What to produce
With the pictures excluded, reproduce all of the data exactly.

Data below
++++++++++
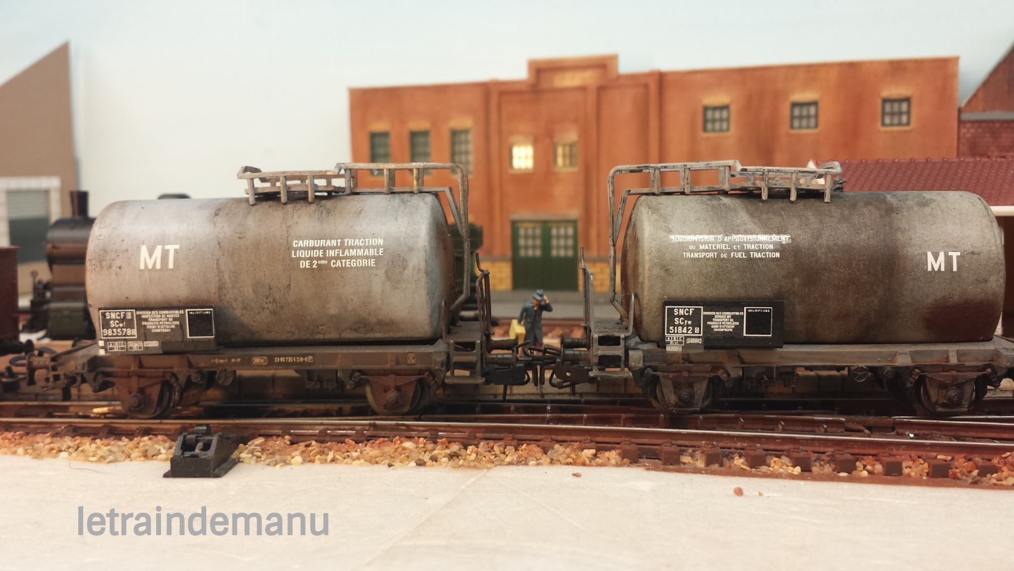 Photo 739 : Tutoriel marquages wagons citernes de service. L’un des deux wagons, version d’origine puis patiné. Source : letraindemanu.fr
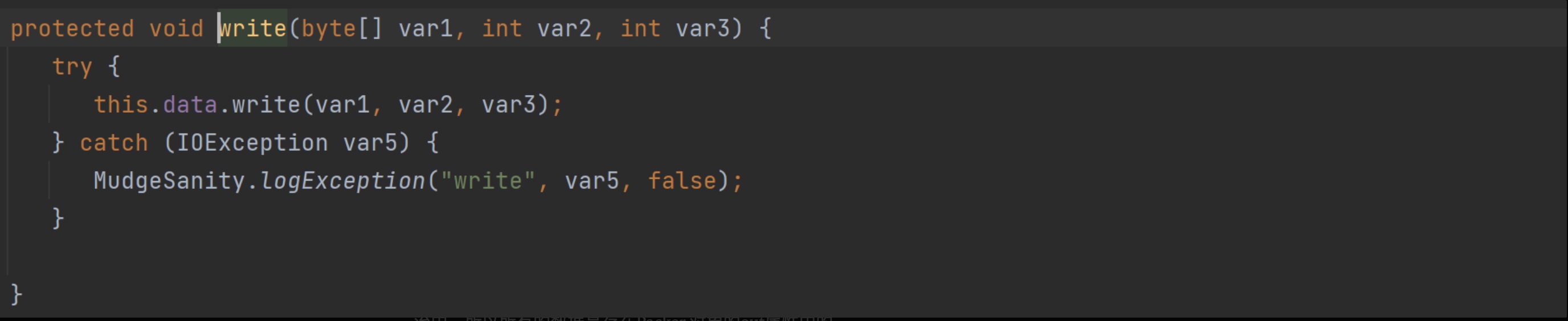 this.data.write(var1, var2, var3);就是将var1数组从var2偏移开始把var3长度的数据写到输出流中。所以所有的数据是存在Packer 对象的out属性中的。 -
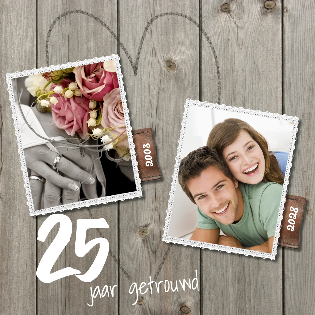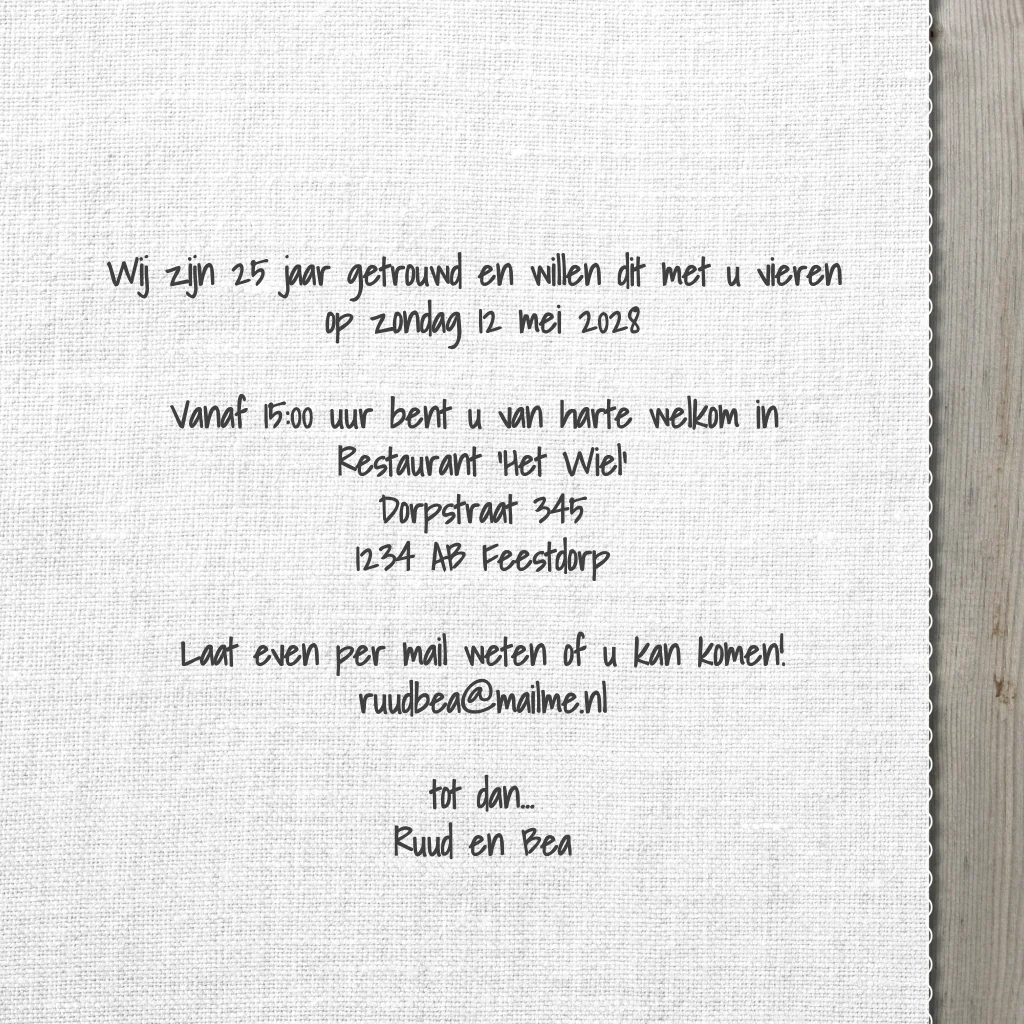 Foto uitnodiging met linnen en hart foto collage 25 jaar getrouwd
++++++++++
Answer to the problem
 Photo 739 : Tutoriel marquages wagons citernes de service. L’un des deux wagons, version d’origine puis patiné. Source : letraindemanu.fr
 this.data.write(var1, var2, var3);就是将var1数组从var2偏移开始把var3长度的数据写到输出流中。所以所有的数据是存在Packer 对象的out属性中的。 -
 Foto uitnodiging met linnen en hart foto collage 25 jaar getrouwd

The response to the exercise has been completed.